(EXERCISE DATA):
============================================================

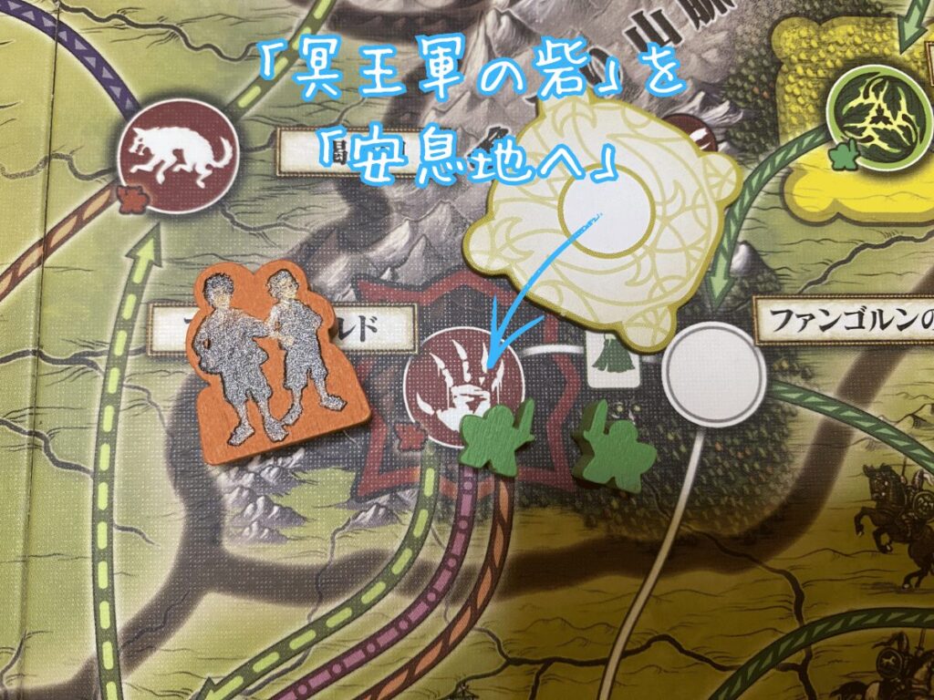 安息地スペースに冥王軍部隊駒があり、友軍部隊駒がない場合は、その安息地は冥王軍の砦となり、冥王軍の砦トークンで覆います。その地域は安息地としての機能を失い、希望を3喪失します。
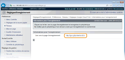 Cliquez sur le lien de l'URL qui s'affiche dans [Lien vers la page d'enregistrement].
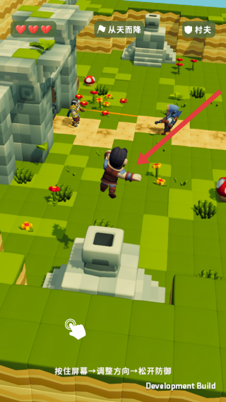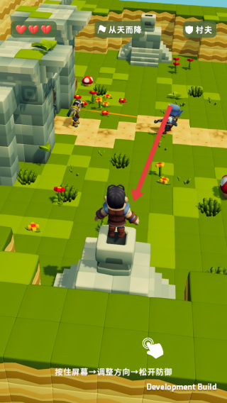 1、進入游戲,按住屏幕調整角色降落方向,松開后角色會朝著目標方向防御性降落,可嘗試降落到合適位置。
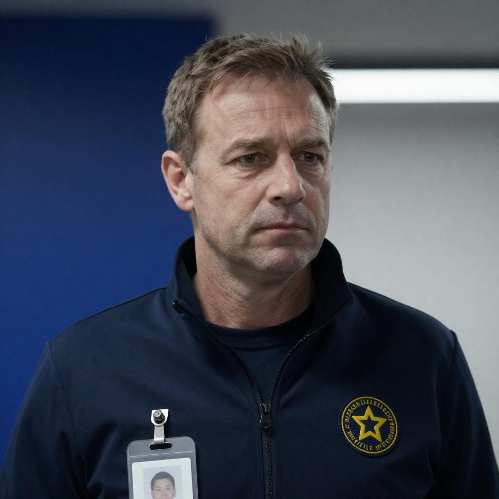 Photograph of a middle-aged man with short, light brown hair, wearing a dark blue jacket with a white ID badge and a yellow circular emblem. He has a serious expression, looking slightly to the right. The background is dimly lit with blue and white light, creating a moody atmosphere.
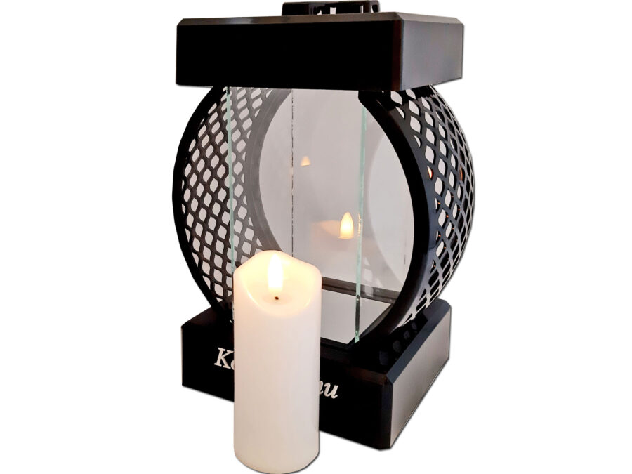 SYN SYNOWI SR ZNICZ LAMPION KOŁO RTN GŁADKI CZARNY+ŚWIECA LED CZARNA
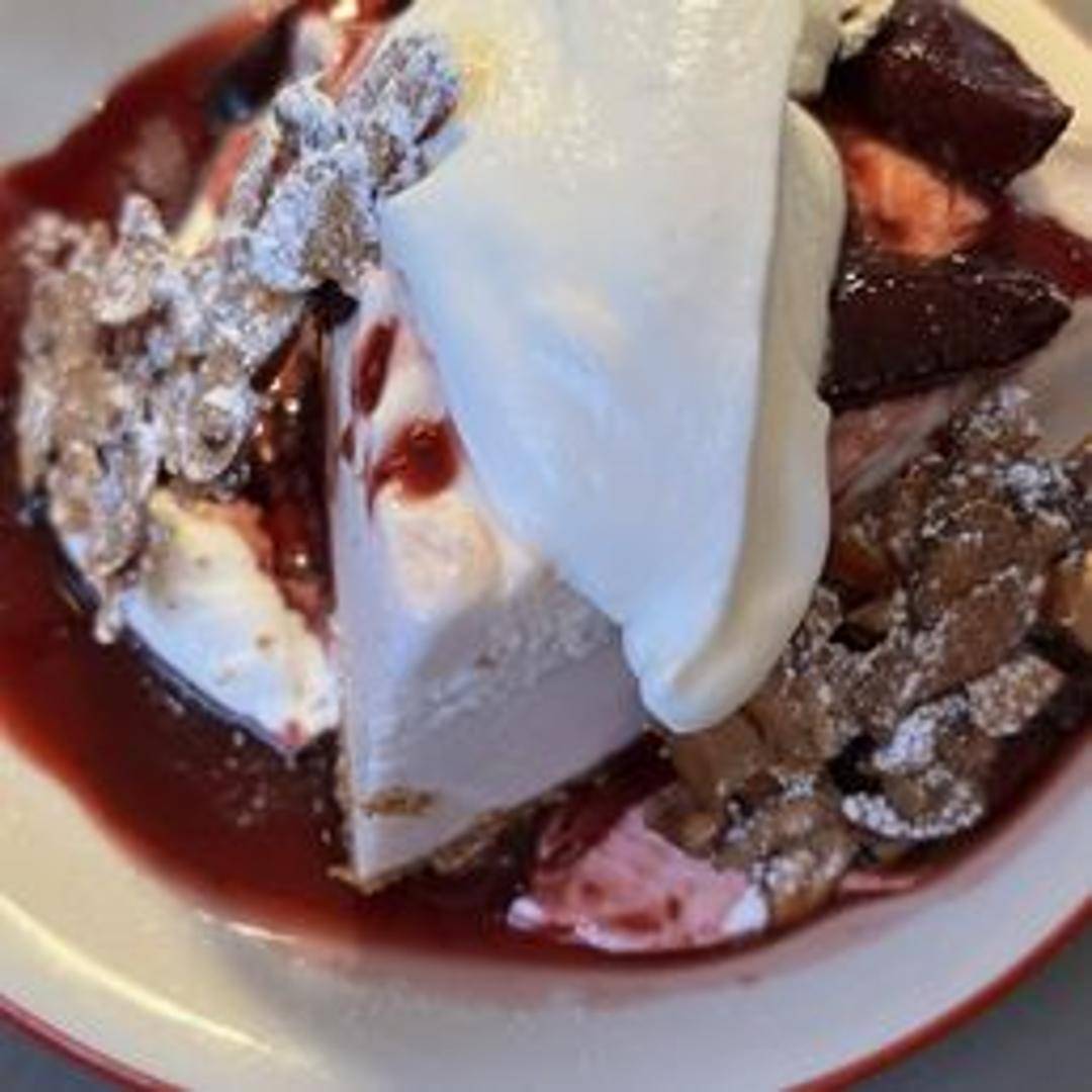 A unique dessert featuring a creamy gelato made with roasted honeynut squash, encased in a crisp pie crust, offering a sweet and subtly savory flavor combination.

============================================================

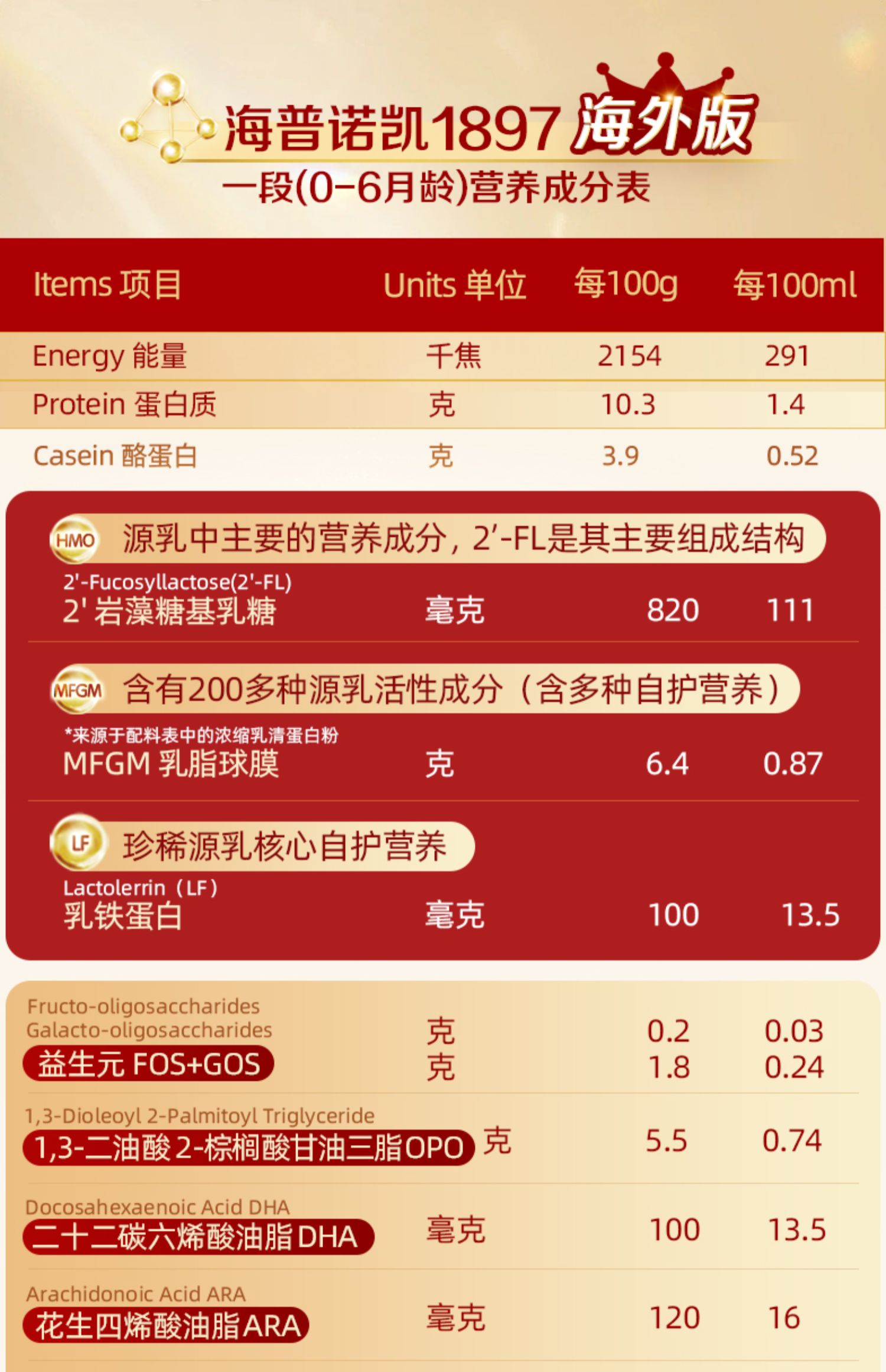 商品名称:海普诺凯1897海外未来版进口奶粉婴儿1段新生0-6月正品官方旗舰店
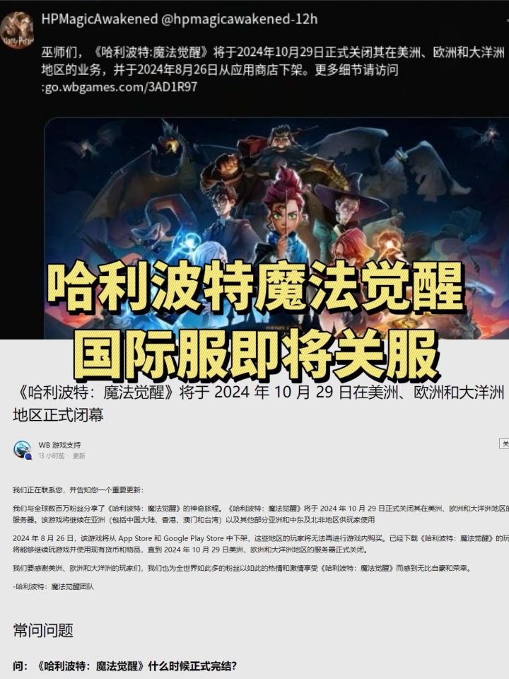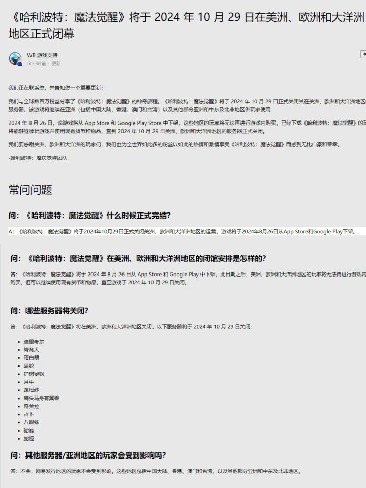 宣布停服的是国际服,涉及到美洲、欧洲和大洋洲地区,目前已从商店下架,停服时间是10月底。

============================================================

(TO DO): From the line containing "安息地スペースに冥王軍部隊駒" through the line containing "A unique dessert", copy every line above exactly, without pictures.

(SOLUTION FOR THIS PROBLEM):
 安息地スペースに冥王軍部隊駒があり、友軍部隊駒がない場合は、その安息地は冥王軍の砦となり、冥王軍の砦トークンで覆います。その地域は安息地としての機能を失い、希望を3喪失します。
 Cliquez sur le lien de l'URL qui s'affiche dans [Lien vers la page d'enregistrement].
 1、進入游戲,按住屏幕調整角色降落方向,松開后角色會朝著目標方向防御性降落,可嘗試降落到合適位置。
 Photograph of a middle-aged man with short, light brown hair, wearing a dark blue jacket with a white ID badge and a yellow circular emblem. He has a serious expression, looking slightly to the right. The background is dimly lit with blue and white light, creating a moody atmosphere.
 SYN SYNOWI SR ZNICZ LAMPION KOŁO RTN GŁADKI CZARNY+ŚWIECA LED CZARNA
 A unique dessert featuring a creamy gelato made with roasted honeynut squash, encased in a crisp pie crust, offering a sweet and subtly savory flavor combination.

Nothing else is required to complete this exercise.